### What you will do
Having read the data, transcribe all of it without deviation.

### The input

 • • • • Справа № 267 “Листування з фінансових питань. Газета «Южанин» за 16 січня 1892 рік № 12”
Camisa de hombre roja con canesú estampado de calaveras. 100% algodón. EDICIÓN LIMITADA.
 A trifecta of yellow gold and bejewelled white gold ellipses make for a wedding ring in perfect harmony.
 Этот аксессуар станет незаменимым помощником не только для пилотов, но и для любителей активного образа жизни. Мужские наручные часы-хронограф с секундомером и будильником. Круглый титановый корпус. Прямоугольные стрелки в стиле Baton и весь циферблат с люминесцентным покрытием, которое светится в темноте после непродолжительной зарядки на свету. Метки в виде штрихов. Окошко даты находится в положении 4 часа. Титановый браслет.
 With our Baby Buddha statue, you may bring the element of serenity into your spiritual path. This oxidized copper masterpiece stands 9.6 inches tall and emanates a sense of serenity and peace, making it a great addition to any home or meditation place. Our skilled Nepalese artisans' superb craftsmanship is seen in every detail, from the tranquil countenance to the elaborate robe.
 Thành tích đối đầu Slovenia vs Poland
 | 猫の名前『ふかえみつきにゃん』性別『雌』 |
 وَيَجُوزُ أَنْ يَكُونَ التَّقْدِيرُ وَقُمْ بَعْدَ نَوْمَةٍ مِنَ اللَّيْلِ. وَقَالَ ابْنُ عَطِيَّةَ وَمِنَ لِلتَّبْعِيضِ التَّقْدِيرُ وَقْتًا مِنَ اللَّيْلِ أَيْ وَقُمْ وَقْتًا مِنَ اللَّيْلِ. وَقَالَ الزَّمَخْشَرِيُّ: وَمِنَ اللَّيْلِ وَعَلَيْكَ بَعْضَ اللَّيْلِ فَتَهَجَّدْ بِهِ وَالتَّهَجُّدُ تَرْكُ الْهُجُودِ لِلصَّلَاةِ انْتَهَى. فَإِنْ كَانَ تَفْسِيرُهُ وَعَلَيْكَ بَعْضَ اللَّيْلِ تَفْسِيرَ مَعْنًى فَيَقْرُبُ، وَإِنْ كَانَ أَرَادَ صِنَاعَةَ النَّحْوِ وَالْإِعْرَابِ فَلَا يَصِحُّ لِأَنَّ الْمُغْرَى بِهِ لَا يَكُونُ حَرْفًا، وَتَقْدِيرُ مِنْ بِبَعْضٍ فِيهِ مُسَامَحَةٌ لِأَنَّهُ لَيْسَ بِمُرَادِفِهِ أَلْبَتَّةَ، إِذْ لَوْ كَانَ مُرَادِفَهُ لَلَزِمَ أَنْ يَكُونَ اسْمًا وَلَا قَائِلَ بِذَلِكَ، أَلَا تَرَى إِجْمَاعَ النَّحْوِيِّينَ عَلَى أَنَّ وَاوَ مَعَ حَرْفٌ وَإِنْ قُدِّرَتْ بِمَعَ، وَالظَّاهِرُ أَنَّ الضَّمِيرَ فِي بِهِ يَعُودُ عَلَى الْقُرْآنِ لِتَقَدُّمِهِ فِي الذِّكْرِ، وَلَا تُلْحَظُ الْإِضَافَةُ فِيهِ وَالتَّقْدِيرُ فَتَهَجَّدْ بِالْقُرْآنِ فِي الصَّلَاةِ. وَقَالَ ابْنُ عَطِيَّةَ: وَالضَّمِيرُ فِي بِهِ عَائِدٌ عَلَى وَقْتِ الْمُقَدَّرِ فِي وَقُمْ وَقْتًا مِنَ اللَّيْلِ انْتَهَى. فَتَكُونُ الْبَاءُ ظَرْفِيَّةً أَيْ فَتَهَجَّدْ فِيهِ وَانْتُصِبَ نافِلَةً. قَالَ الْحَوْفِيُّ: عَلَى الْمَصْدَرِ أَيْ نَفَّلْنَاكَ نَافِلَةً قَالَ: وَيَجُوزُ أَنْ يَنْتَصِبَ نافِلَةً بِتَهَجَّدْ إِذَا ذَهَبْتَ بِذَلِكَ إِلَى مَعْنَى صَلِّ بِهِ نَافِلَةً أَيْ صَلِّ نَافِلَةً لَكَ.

### Solution for this exercise
 • • • • Справа № 267 “Листування з фінансових питань. Газета «Южанин» за 16 січня 1892 рік № 12”
Camisa de hombre roja con canesú estampado de calaveras. 100% algodón. EDICIÓN LIMITADA.
 A trifecta of yellow gold and bejewelled white gold ellipses make for a wedding ring in perfect harmony.
 Этот аксессуар станет незаменимым помощником не только для пилотов, но и для любителей активного образа жизни. Мужские наручные часы-хронограф с секундомером и будильником. Круглый титановый корпус. Прямоугольные стрелки в стиле Baton и весь циферблат с люминесцентным покрытием, которое светится в темноте после непродолжительной зарядки на свету. Метки в виде штрихов. Окошко даты находится в положении 4 часа. Титановый браслет.
 With our Baby Buddha statue, you may bring the element of serenity into your spiritual path. This oxidized copper masterpiece stands 9.6 inches tall and emanates a sense of serenity and peace, making it a great addition to any home or meditation place. Our skilled Nepalese artisans' superb craftsmanship is seen in every detail, from the tranquil countenance to the elaborate robe.
 Thành tích đối đầu Slovenia vs Poland
 | 猫の名前『ふかえみつきにゃん』性別『雌』 |
 وَيَجُوزُ أَنْ يَكُونَ التَّقْدِيرُ وَقُمْ بَعْدَ نَوْمَةٍ مِنَ اللَّيْلِ. وَقَالَ ابْنُ عَطِيَّةَ وَمِنَ لِلتَّبْعِيضِ التَّقْدِيرُ وَقْتًا مِنَ اللَّيْلِ أَيْ وَقُمْ وَقْتًا مِنَ اللَّيْلِ. وَقَالَ الزَّمَخْشَرِيُّ: وَمِنَ اللَّيْلِ وَعَلَيْكَ بَعْضَ اللَّيْلِ فَتَهَجَّدْ بِهِ وَالتَّهَجُّدُ تَرْكُ الْهُجُودِ لِلصَّلَاةِ انْتَهَى. فَإِنْ كَانَ تَفْسِيرُهُ وَعَلَيْكَ بَعْضَ اللَّيْلِ تَفْسِيرَ مَعْنًى فَيَقْرُبُ، وَإِنْ كَانَ أَرَادَ صِنَاعَةَ النَّحْوِ وَالْإِعْرَابِ فَلَا يَصِحُّ لِأَنَّ الْمُغْرَى بِهِ لَا يَكُونُ حَرْفًا، وَتَقْدِيرُ مِنْ بِبَعْضٍ فِيهِ مُسَامَحَةٌ لِأَنَّهُ لَيْسَ بِمُرَادِفِهِ أَلْبَتَّةَ، إِذْ لَوْ كَانَ مُرَادِفَهُ لَلَزِمَ أَنْ يَكُونَ اسْمًا وَلَا قَائِلَ بِذَلِكَ، أَلَا تَرَى إِجْمَاعَ النَّحْوِيِّينَ عَلَى أَنَّ وَاوَ مَعَ حَرْفٌ وَإِنْ قُدِّرَتْ بِمَعَ، وَالظَّاهِرُ أَنَّ الضَّمِيرَ فِي بِهِ يَعُودُ عَلَى الْقُرْآنِ لِتَقَدُّمِهِ فِي الذِّكْرِ، وَلَا تُلْحَظُ الْإِضَافَةُ فِيهِ وَالتَّقْدِيرُ فَتَهَجَّدْ بِالْقُرْآنِ فِي الصَّلَاةِ. وَقَالَ ابْنُ عَطِيَّةَ: وَالضَّمِيرُ فِي بِهِ عَائِدٌ عَلَى وَقْتِ الْمُقَدَّرِ فِي وَقُمْ وَقْتًا مِنَ اللَّيْلِ انْتَهَى. فَتَكُونُ الْبَاءُ ظَرْفِيَّةً أَيْ فَتَهَجَّدْ فِيهِ وَانْتُصِبَ نافِلَةً. قَالَ الْحَوْفِيُّ: عَلَى الْمَصْدَرِ أَيْ نَفَّلْنَاكَ نَافِلَةً قَالَ: وَيَجُوزُ أَنْ يَنْتَصِبَ نافِلَةً بِتَهَجَّدْ إِذَا ذَهَبْتَ بِذَلِكَ إِلَى مَعْنَى صَلِّ بِهِ نَافِلَةً أَيْ صَلِّ نَافِلَةً لَكَ.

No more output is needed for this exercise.